#### TASK REQUIREMENTS:
Emit a verbatim copy of the lines below from the line with "HUFAGRIPP Flu & Batuk... Anti Influenza" through the line with "1941年，羅遜時任渥太華軍", excluding pictures and everything outside that range.

#### EXERCISE DATA:
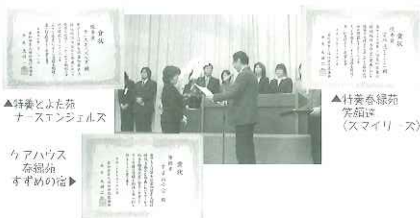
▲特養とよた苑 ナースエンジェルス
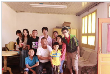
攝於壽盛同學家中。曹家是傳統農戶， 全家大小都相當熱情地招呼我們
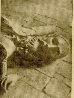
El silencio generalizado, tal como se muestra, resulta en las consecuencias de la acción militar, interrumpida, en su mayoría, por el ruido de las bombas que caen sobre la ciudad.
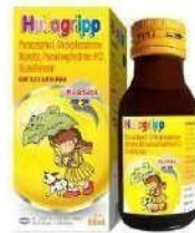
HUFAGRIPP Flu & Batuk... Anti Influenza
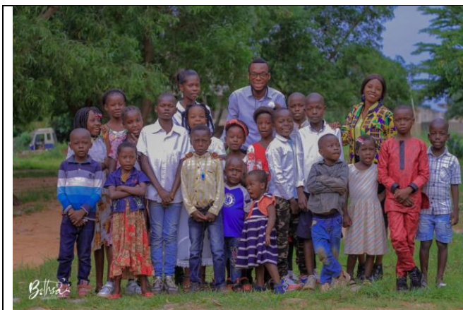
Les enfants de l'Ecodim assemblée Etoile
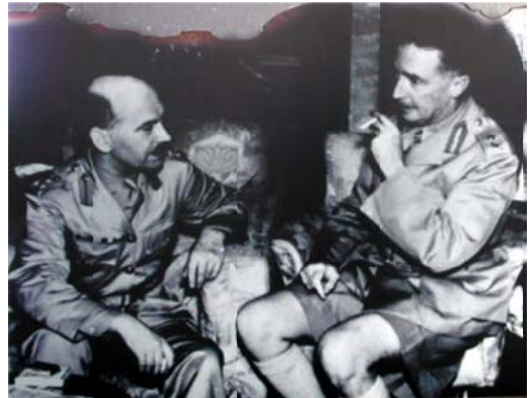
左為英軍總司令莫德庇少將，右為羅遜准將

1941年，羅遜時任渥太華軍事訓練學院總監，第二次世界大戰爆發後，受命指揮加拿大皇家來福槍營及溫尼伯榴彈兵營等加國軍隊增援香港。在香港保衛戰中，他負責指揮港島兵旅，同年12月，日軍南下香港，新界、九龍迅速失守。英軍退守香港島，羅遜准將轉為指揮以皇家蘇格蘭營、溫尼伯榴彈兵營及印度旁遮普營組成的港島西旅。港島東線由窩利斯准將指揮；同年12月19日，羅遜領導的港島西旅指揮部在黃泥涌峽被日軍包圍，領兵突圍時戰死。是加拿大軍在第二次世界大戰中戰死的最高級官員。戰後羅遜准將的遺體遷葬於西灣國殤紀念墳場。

--

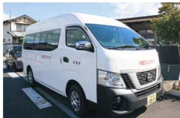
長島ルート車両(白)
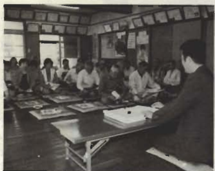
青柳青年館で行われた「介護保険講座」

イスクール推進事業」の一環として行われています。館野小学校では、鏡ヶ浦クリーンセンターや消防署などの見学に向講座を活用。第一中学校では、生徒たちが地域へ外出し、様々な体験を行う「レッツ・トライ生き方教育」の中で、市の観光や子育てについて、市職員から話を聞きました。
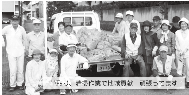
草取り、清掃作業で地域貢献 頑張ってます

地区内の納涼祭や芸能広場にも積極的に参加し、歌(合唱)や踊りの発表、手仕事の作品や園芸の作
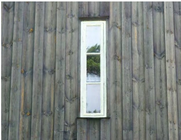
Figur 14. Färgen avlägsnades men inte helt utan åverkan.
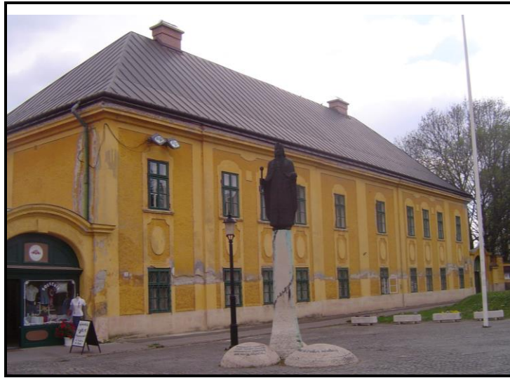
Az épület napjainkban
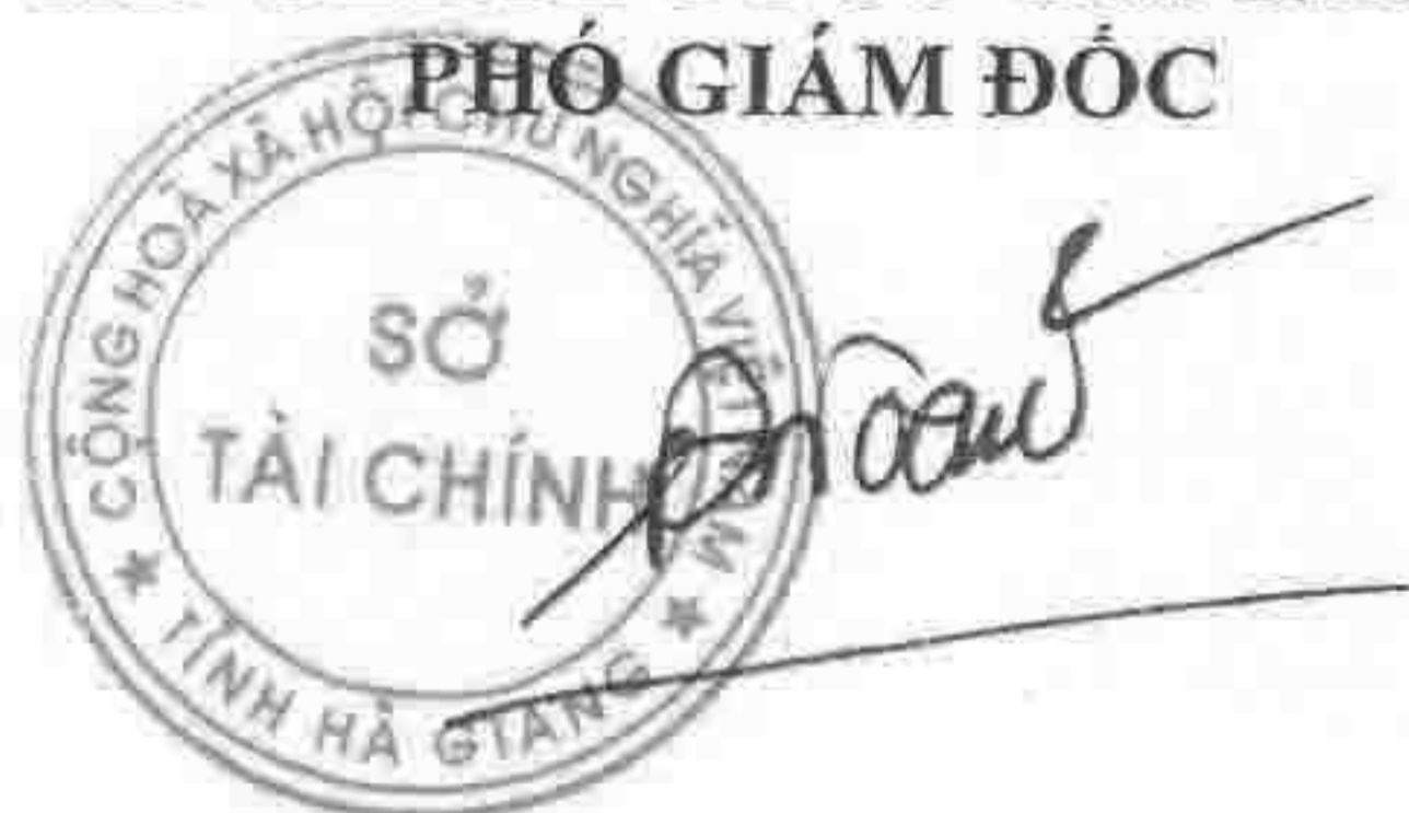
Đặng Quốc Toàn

#### RESPONSE BELOW:
HUFAGRIPP Flu & Batuk... Anti Influenza
Les enfants de l'Ecodim assemblée Etoile
左為英軍總司令莫德庇少將，右為羅遜准將

1941年，羅遜時任渥太華軍事訓練學院總監，第二次世界大戰爆發後，受命指揮加拿大皇家來福槍營及溫尼伯榴彈兵營等加國軍隊增援香港。在香港保衛戰中，他負責指揮港島兵旅，同年12月，日軍南下香港，新界、九龍迅速失守。英軍退守香港島，羅遜准將轉為指揮以皇家蘇格蘭營、溫尼伯榴彈兵營及印度旁遮普營組成的港島西旅。港島東線由窩利斯准將指揮；同年12月19日，羅遜領導的港島西旅指揮部在黃泥涌峽被日軍包圍，領兵突圍時戰死。是加拿大軍在第二次世界大戰中戰死的最高級官員。戰後羅遜准將的遺體遷葬於西灣國殤紀念墳場。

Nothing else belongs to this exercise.